You also may think this rule is idiotic until you are in a classroom where the teacher is constantly interrupted, telling students to turn off their telephones, ipods, etc. The entire class is disrupted due to one person, and, when this student later fails the class, the teachers and the schools are to blame.
This rule is no different from many other jobs that ban cell phones in the workplace. Most corporations have more intrusive, yet still legal, policies to follow than these schools. If you whine and complain about not being able to have your phone with you, you are told to shut up, follow the rules or get a job elsewhere. In school, your phone is taken away from you, you’re told to sit down, shut up and get back to learning.
At my husband’s school, cell phones have been banned for several years. You may bring it to school but it must be turned off. If you are caught fiddling with the phone, for any reason, it is confiscated, taken to the principal’s office and returned to the parent, not the student, after the parent is lectured, again, as to why the ban is in place. If a parent and student refuse to follow this policy, the phone can be taken away for the entire year. This happened to one student last year and, since the policy is strictly enforced, there are few problems with cell phones in his school.
When you have a cell phone, everything else waits while you answer that precious call. I have been in numerous places where someone on a cell phone made me wait because they just had to tell the caller about Aunt Cindy’s colonoscopy or how funny Grandma was at little Johnny’s birthday party.
Many schools in states across the country have similar bans, though some allow the phones on school property but they must be turned off. New York City, however, felt that the phones were a big enough problem that an complete ban was warranted. Still, they are open to discussion and the school board is encouraging debate before the final policy is put into place.
The problem is that the children that are screaming that they would never allow this to happen in their school forget that they will, most likely, be subject to this very rule when they get a job and have to live in the real world. They act, and are, spoiled children who want their way, believing that it is a God-given right to use a cell phone whenever and wherever they want. If students want to be treated like adults, then they should begin acting like adults.

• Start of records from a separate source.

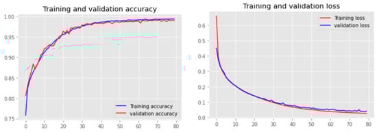 Figure 7 shows the accuracy and the loss curves during CNN training. In the experiments, we used different epoch numbers (from 20–100) and learning rates (0.01, 0.001, 0.0001, and 0.00001) with the aim of finding the optimal parameters that generate the highest accuracy. After 80 epochs of training with learning rate of 0.00001, the overall accuracy of the model was reached to 98.94%.
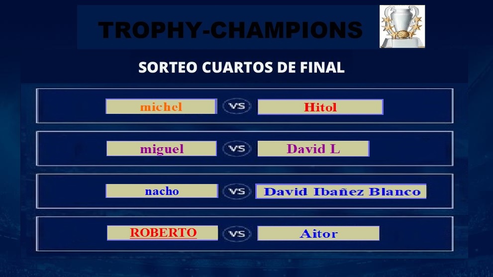 Ya tenemos los emparejamientos de los Cuartos de final de la Trophy-Champions, se disputaran los partidos de ida la jornada 29 y el partido de vuelta la jornada 30.
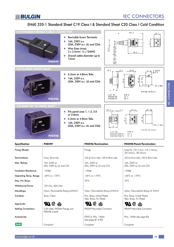 Wtyk żeński; PX0599; zasilające AC; IEC60320 C19; proste; na przewód; 16A; 250V; śrubowy; BULGIN; RoHS
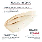 - Pigmentos que reflejan la luz para iluminar el contorno de los ojos y conseguir un aspecto despierto y fresco al instante.
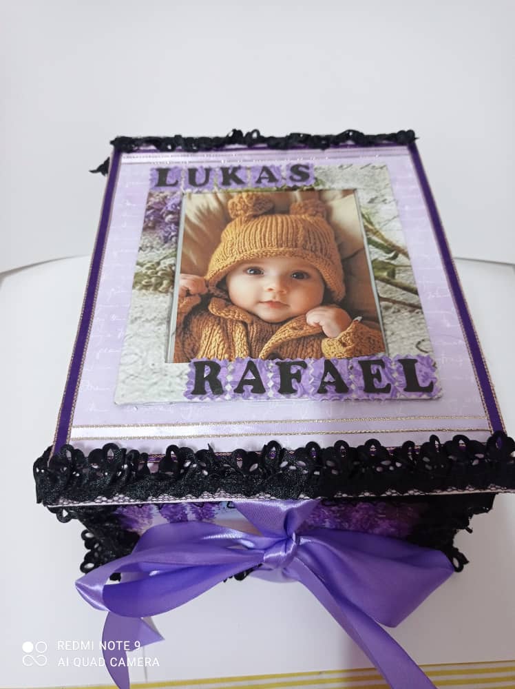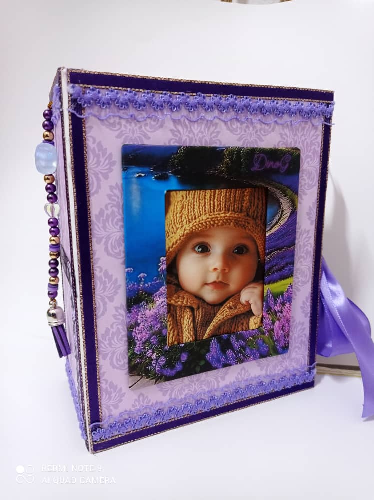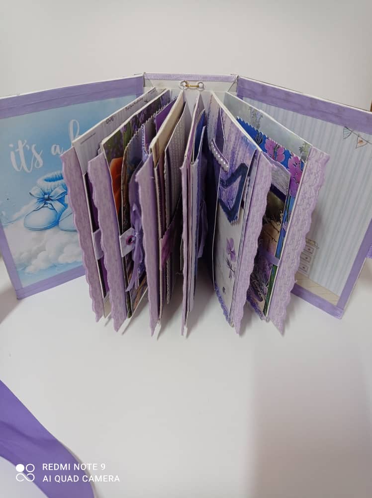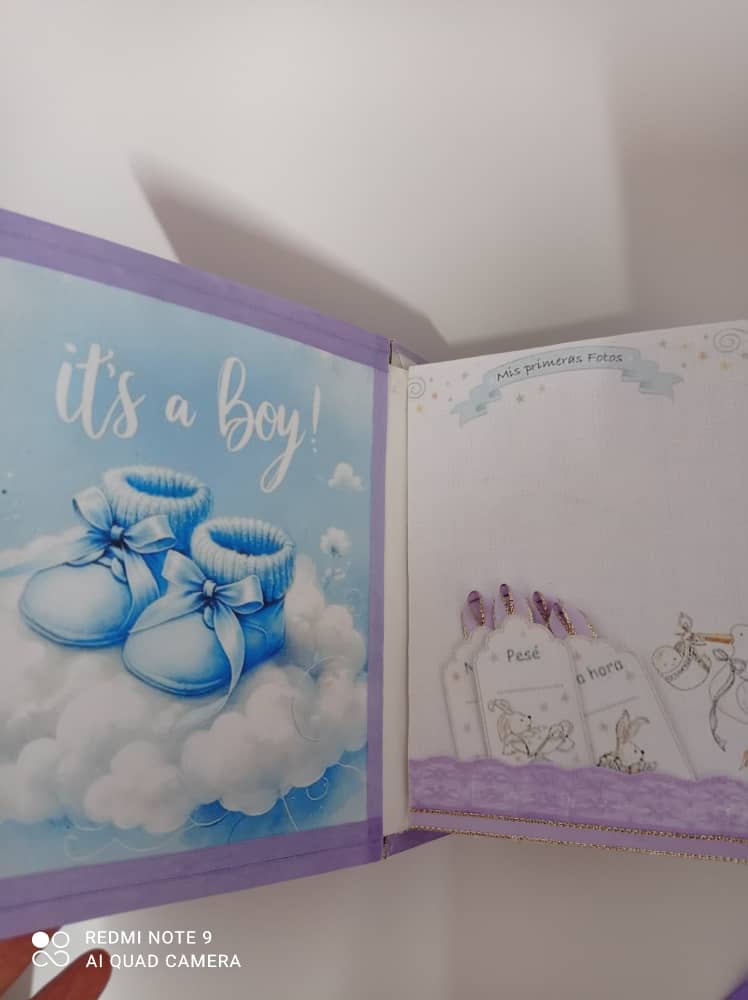 Un álbum pequeño lleno de frescura y delicadeza, inspirado en campos de lavanda junto al mar. Cada página es un pequeño tesoro para capturar los primeros recuerdos del bebé, desde sus ecografías hasta sus primeras fotos de cada mes.
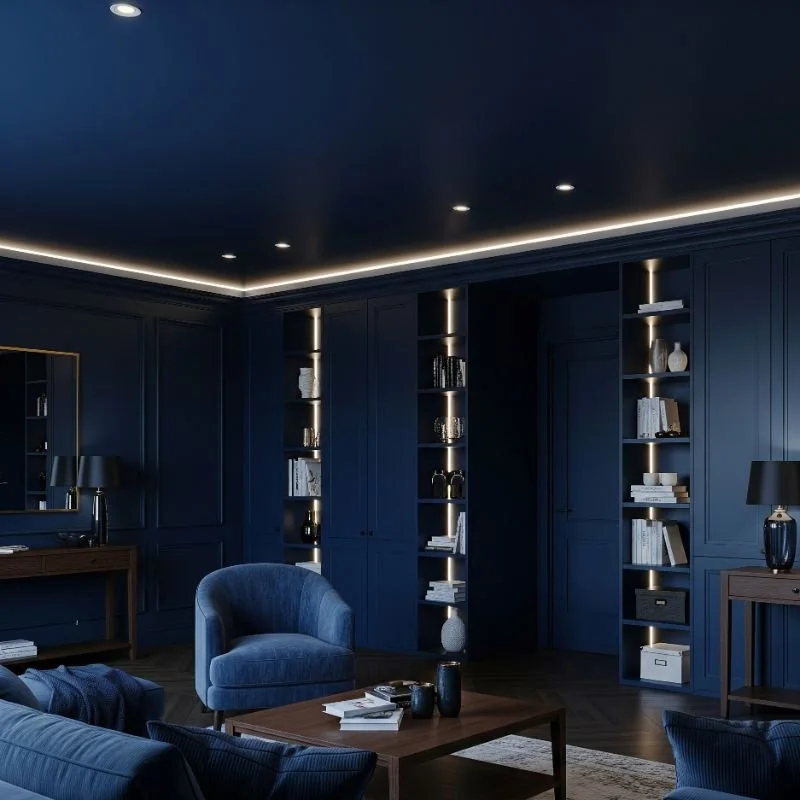 Transform your space with 20 stunning dark blue room ideas. Create sophisticated, stylish interiors that radiate timeless elegance and charm!

Students should have a distractive-free education. School officials are there to enforce this policy. This means no blaring music from an mp3 player, no cell phones ringing in class, no text messages interrupting class time, and no video games, of any kind, in the classroom. It also means that any other kind of disruptive behavior should be banned as well and the student removed from the classroom so that others can get back to the business of learning.
If you allow all the disruptions of life to enter the school, then schools become a chaotic place where it is impossible to teach anyone anything. Students need to be taught that certain things simply are not appropriate to the learning process. Yelling in class, playing an mp3 player so everyone can hear it, talking on cell phones, text messaging, swearing at teachers, fighting, etc., have no place in a school. Without limiting some freedoms, schools cannot teach students and the United States will fall even further behind other countries than they already are.
School is there to prepare you for either college or a job. If you such little respect for yourself or others that you cannot possibly live without a cell phone or mp3 player for a few hours, then, please, don’t come to school. There are children there who genuinely want to learn and do not take pleasure in being distracted everywhere they turn during the school day.